**Action item**:
Nothing should appear in the answer except the lines below from the line containing "跨度通常情况下在五期之内重复" through the line containing "Общая площадь: 254,42", copied exactly, with pictures left out.

**Information given**:
○ ○ ○ ○ ○ ○ ○

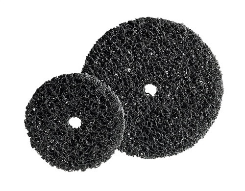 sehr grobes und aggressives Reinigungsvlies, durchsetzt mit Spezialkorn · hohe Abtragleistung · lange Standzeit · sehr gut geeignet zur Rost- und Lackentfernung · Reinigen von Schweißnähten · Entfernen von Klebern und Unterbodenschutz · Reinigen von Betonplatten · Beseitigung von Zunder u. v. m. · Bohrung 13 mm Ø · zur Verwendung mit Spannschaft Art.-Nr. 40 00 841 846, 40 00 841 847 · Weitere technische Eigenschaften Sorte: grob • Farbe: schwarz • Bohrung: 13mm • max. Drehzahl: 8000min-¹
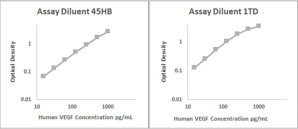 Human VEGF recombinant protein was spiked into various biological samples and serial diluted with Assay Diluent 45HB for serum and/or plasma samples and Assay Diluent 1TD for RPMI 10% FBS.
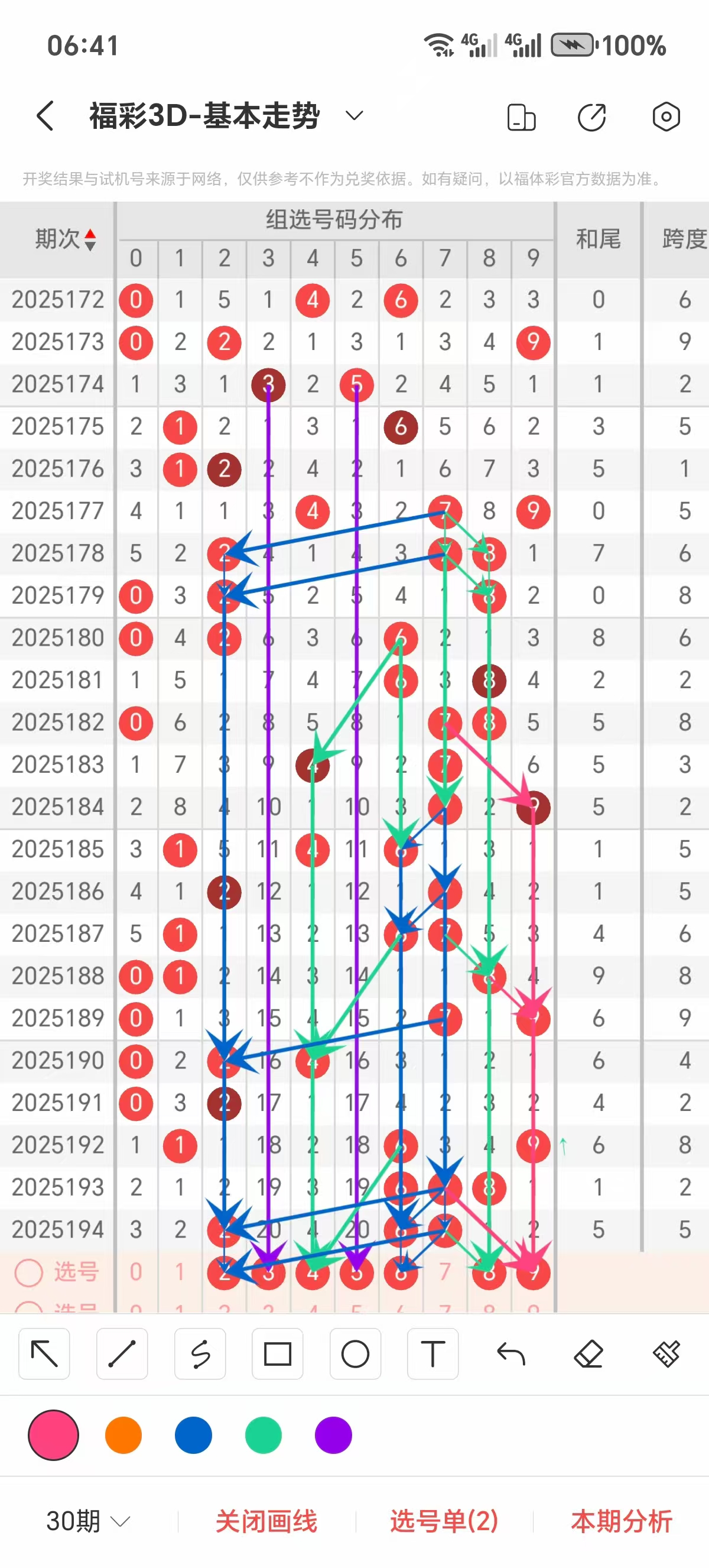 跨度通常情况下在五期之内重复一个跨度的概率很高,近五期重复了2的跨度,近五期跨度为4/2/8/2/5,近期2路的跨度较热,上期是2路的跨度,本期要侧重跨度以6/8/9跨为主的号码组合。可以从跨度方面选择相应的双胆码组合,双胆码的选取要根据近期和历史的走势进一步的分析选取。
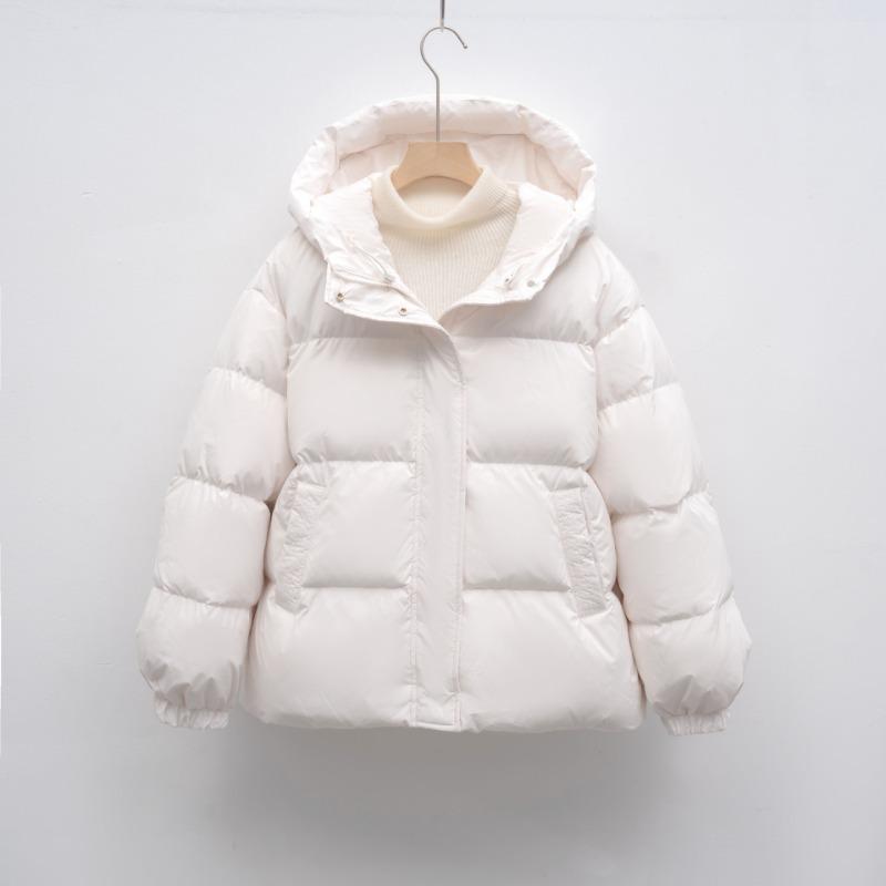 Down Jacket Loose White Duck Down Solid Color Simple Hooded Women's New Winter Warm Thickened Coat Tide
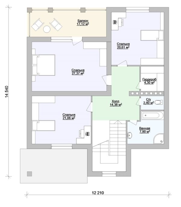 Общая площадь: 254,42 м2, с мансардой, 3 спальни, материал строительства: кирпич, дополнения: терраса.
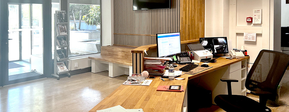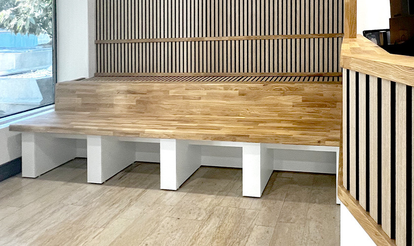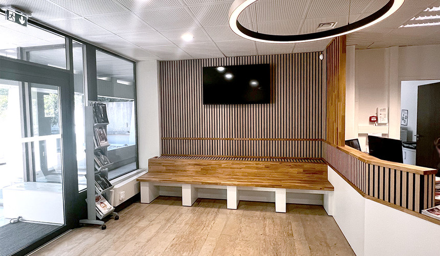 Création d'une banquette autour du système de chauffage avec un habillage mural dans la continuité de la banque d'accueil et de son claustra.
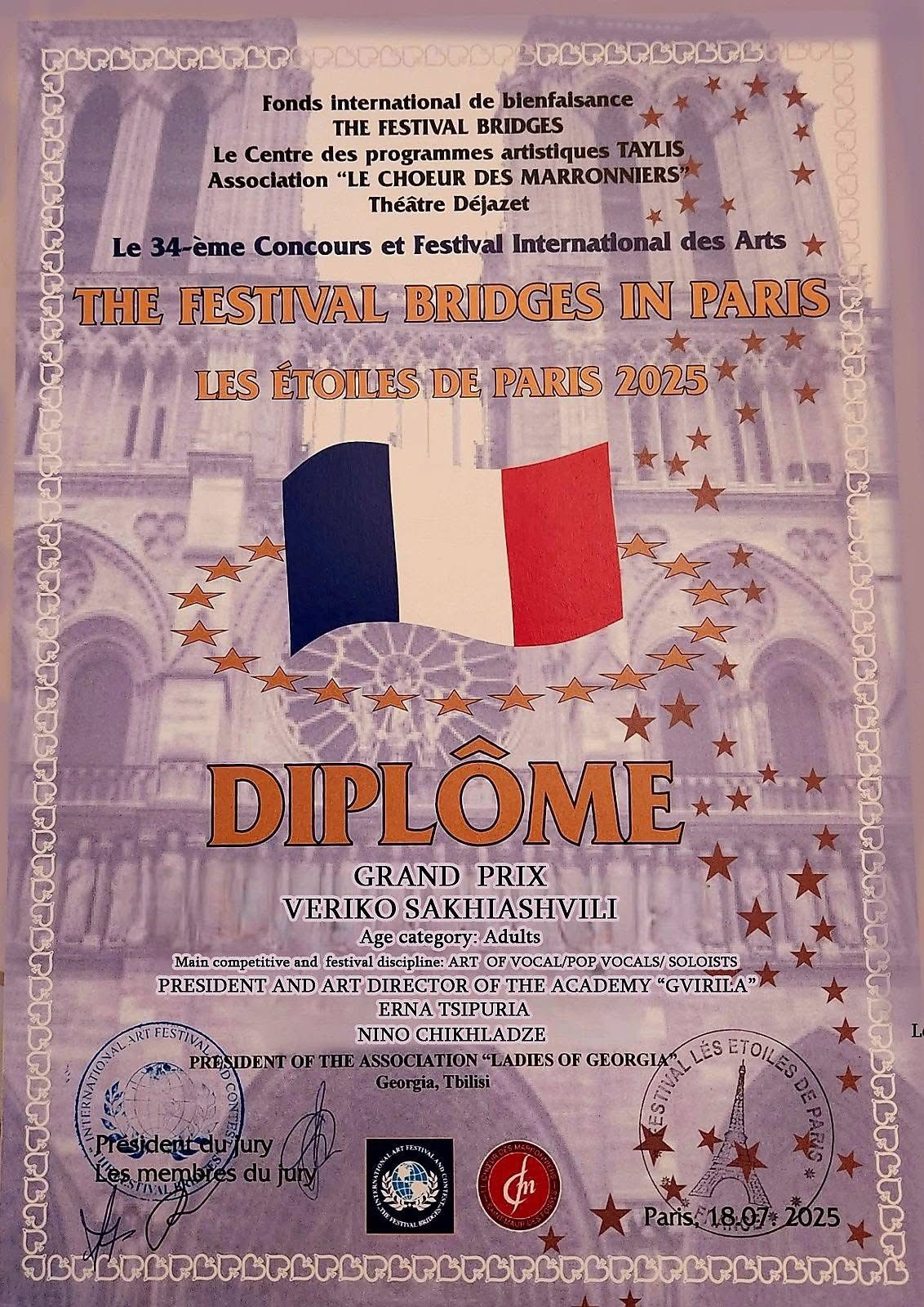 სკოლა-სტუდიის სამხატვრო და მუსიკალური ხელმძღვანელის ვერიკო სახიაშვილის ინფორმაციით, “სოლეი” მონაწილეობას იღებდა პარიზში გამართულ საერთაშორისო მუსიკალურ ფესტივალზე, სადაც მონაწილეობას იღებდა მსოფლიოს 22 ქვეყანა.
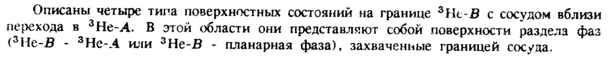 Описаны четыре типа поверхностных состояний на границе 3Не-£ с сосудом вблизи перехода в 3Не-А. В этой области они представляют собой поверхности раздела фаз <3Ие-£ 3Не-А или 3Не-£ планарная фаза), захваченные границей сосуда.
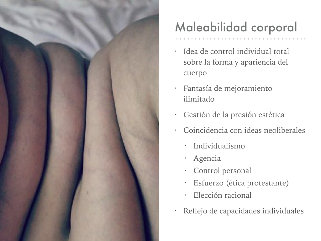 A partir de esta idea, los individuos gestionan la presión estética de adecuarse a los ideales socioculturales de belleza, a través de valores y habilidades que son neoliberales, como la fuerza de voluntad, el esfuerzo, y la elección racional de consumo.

○ ○ ○ ○ ○ ○ ○

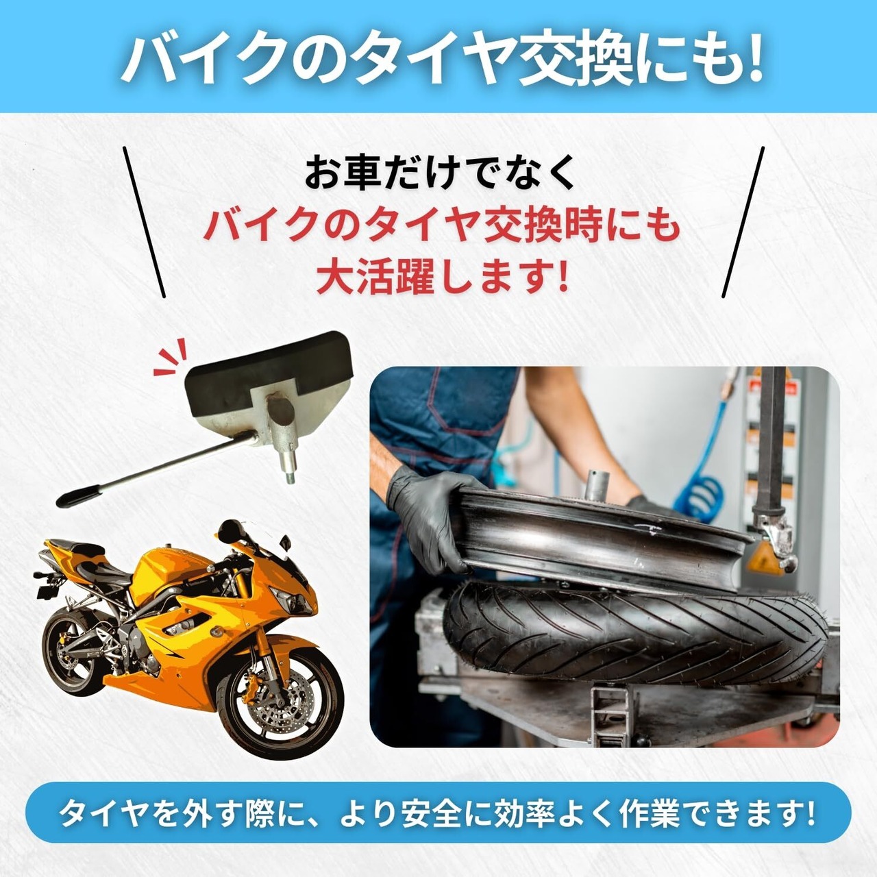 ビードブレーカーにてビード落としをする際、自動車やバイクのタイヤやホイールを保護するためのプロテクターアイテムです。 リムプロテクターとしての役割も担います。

○ ○ ○ ○ ○ ○ ○

**Exercise response**:
 跨度通常情况下在五期之内重复一个跨度的概率很高,近五期重复了2的跨度,近五期跨度为4/2/8/2/5,近期2路的跨度较热,上期是2路的跨度,本期要侧重跨度以6/8/9跨为主的号码组合。可以从跨度方面选择相应的双胆码组合,双胆码的选取要根据近期和历史的走势进一步的分析选取。
 Down Jacket Loose White Duck Down Solid Color Simple Hooded Women's New Winter Warm Thickened Coat Tide
 Общая площадь: 254,42 м2, с мансардой, 3 спальни, материал строительства: кирпич, дополнения: терраса.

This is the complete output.